Photo: wan mohd

Women We Read This Week

1. Rachel Monroe’s “#Vanlife, the Bohemian Social-Media Movement” for The New Yorker

Years ago, when my husband and I were traveling around the West in a 2003 Chevy Aveo (a car the size and color of a Skittle), we camped at Badlands National Park. Next to us was an old Volkswagen van occupied by a gorgeous young couple and their son. They cooked in the van, had coffee there, played with their little boy, the doors thrown open to the surreal reliefs of the landscape. It looked so dreamy that Jorge and I have nurtured the fantasy of selling everything and taking off in a van ever since.

Not anymore. Monroe’s piece is a fascinating, nauseating reveal of social media’s rapacious commodification of every aspect of everyday life, even–and especially–the most far-flung hippie escapist fantasies. The characters in her piece are at turns victims–sucked into nonstop content production for their sponsors, their lives converted into a set for choice products–and the worst kind of new age posers, refusing to accept their role as marketers (calling their sponsorships “alliances” is just one laughable example) as they stage their freewheeling yoga-and-surfing life for an audience desperate for authenticity.

A taste:

There is an undeniable aesthetic and demographic conformity in the vanlife world. Nearly all of the most popular accounts belong to young, attractive, white, heterosexual couples. “There’s the pretty van girl and the woodsy van guy,” Smith said. “That’s what people want to see.” At times, the vanlife community seems full of millennials living out a leftover baby-boomer fantasy: the Volkswagens, the neo-hippie fashions, the retro gender dynamics.

2. Kate Ristow’s “Why Didn’t I Get Help for Postpartum Depression Sooner?” in New York Magazine

Ristow chronicles her experience here with postpartum depression, but the focus isn’t so much on the nature of the disease itself but on the way it is still stigmatized, overlooked, and minimized, even while most women are ostensibly screened for it after birth. She writes, “I wonder, now, what would have happened if we treated postpartum depression as more routine than taboo.” This would mean acknowledging that many women may flounder in a middle ground, not so depressed that they can’t function, but overwhelmed enough that their lives are seriously impaired.
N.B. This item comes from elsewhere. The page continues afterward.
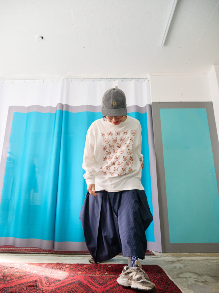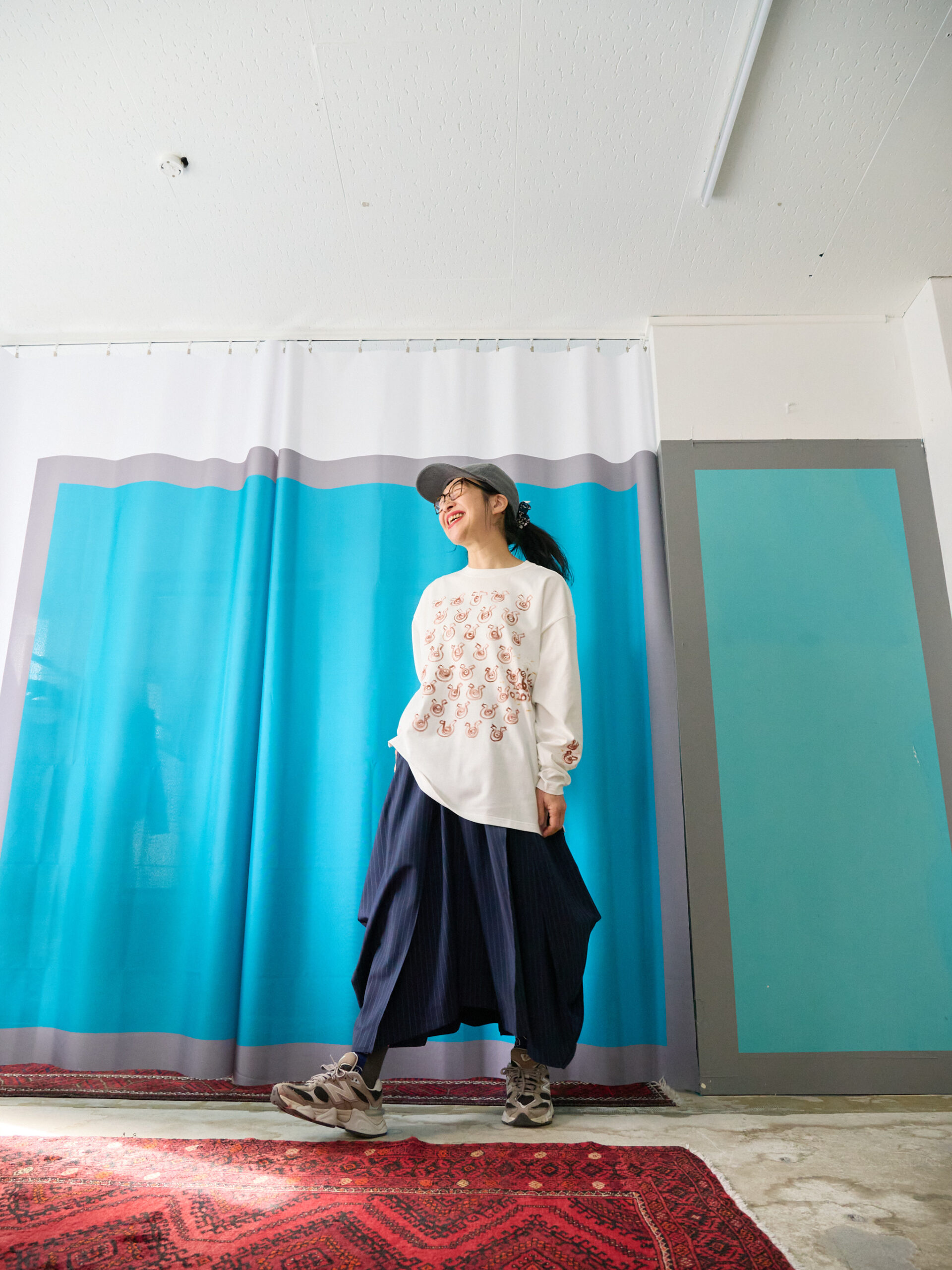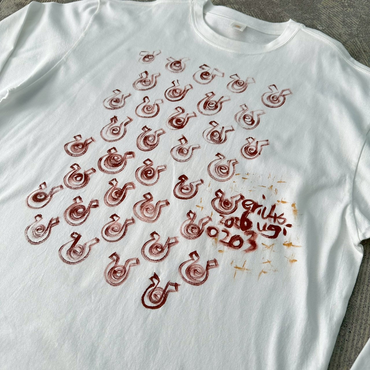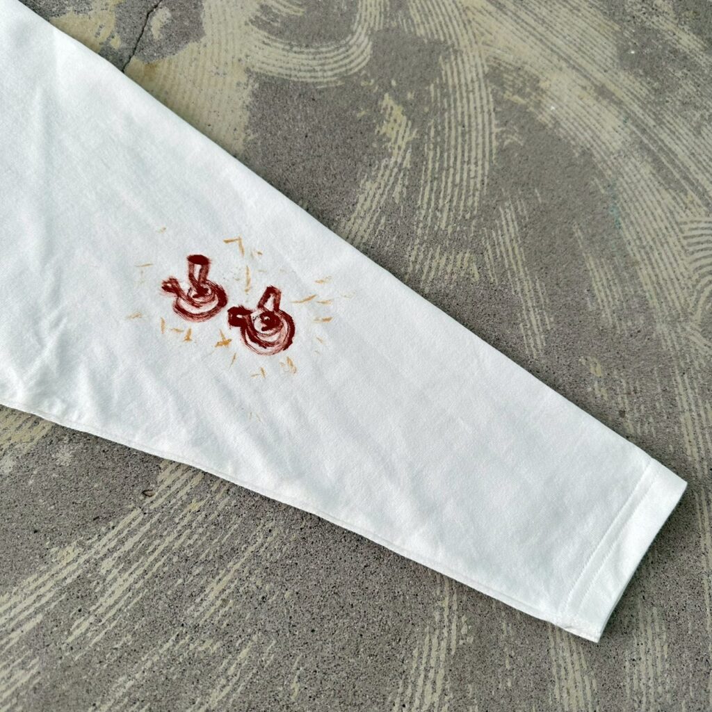 A hand-painted piece depicting recent moments. “Horseshoe-kun,” a talisman-like motif with an e-spiral inside the horseshoe, was born this year, the Year of the Horse. As I was painting, it somehow felt like an old Space Invaders game, bringing back a sense of nostalgia. It’s sure to help you run smoothly through this year ♡ Painted on Setsubun day, full of energy! This F size is recommended for men of a standard size, or for those who want to wear it casually in an oversized fit. A commemorative hand-painted long-sleeve T-shirt with the date it was painted. May this special piece become a keepsake for you as well ♡ Painted with acrylic paints. The garment is delivered after being washed once. Size Front length 70cm Back length 73cm Body width 126cm Hem circumference 117cm Shoulder width 57cm Sleeve length 87cm Cuff width 22cm Neck width 17cm Slit length 9.5cm Material 100% organic cotton Color e Horseshoe Parade

We continue to view postpartum depression as a “woman problem,” an out-of-control version of PMS. At its most benign, it’s perceived as complaining, inappropriate, a weakened resolve, like the inability to control oneself around chocolate or shoes. At its worst, it’s dangerous, psychotic, as illustrated by extreme tragedies that make any mother with even a whiff of sadness terrified to admit it.

3. Mariama Lockington’s “What A Black Woman Wishes Her White Adoptive Parents Knew” in Buzzfeed

This is a resonant, powerful essay, composed in vivid snapshots that reveal the pervasive everyday racism Lockington experienced growing up as the adopted black child of white parents. The piece confronts the many ways in which Lockington’s adoptive parents failed to address her race, and how this failure over time amplified into an erasure of Lockington’s sense of self and place in the world.

A taste:

A few months ago, in therapy, I found myself uttering the following words: “But if I’m not a good girl, who will want to keep me?” I am 31 years old and I still feel as though I owe this picture, my white parents, something impossible: my silent gratitude. I still feel that if I dare to question, challenge, or speak truth to my snapshots as a black transracial adoptee, I will be “sent back” or “unadopted” for being ungrateful. What happens if I say to them:

Look, I have often felt unseen in your home, your home in which I was in many ways expected to live up to the myth of colorblindness. Your love alone does not protect me from the fact of my black skin.

4. Ijeoma Oluo’s “The Heart of Whiteness: Ijeoma Oluo Interviews Rachel Dolezal, the White Woman Who Identifies as Black” in The Stranger

This piece stuck with me long after I read it. Oluo travels to Dolezal’s house in Spokane for an interview, wary and yet trying to be open-minded, only to get sucked into a series of belittling, insensitive explanations and arguments that at their core reveal the persistent arrogance of whiteness. Never have I read an interview so uncomfortable and charged, where the tensions between what the interviewee wants to portray and what the interviewer sees are so immediate. Oluo is weary of being pursued constantly by the media’s fascination with Dolezal, and I hope her incisive analysis here of that fascination helps put it finally to rest.

For a white woman who had grown up with only a few magazines of stylized images of blackness to imagine herself into a real-life black identity without any lived black experience, to turn herself into a black history professor without a history degree, to place herself at the forefront of local black society that she had adopted less than a decade earlier, all while seeming to claim to do it better and more authentically than any black person who would dare challenge her—well, it’s the ultimate “you can be anything” success story of white America. Another branch of manifest destiny. No wonder America couldn’t get enough of the Dolezal story.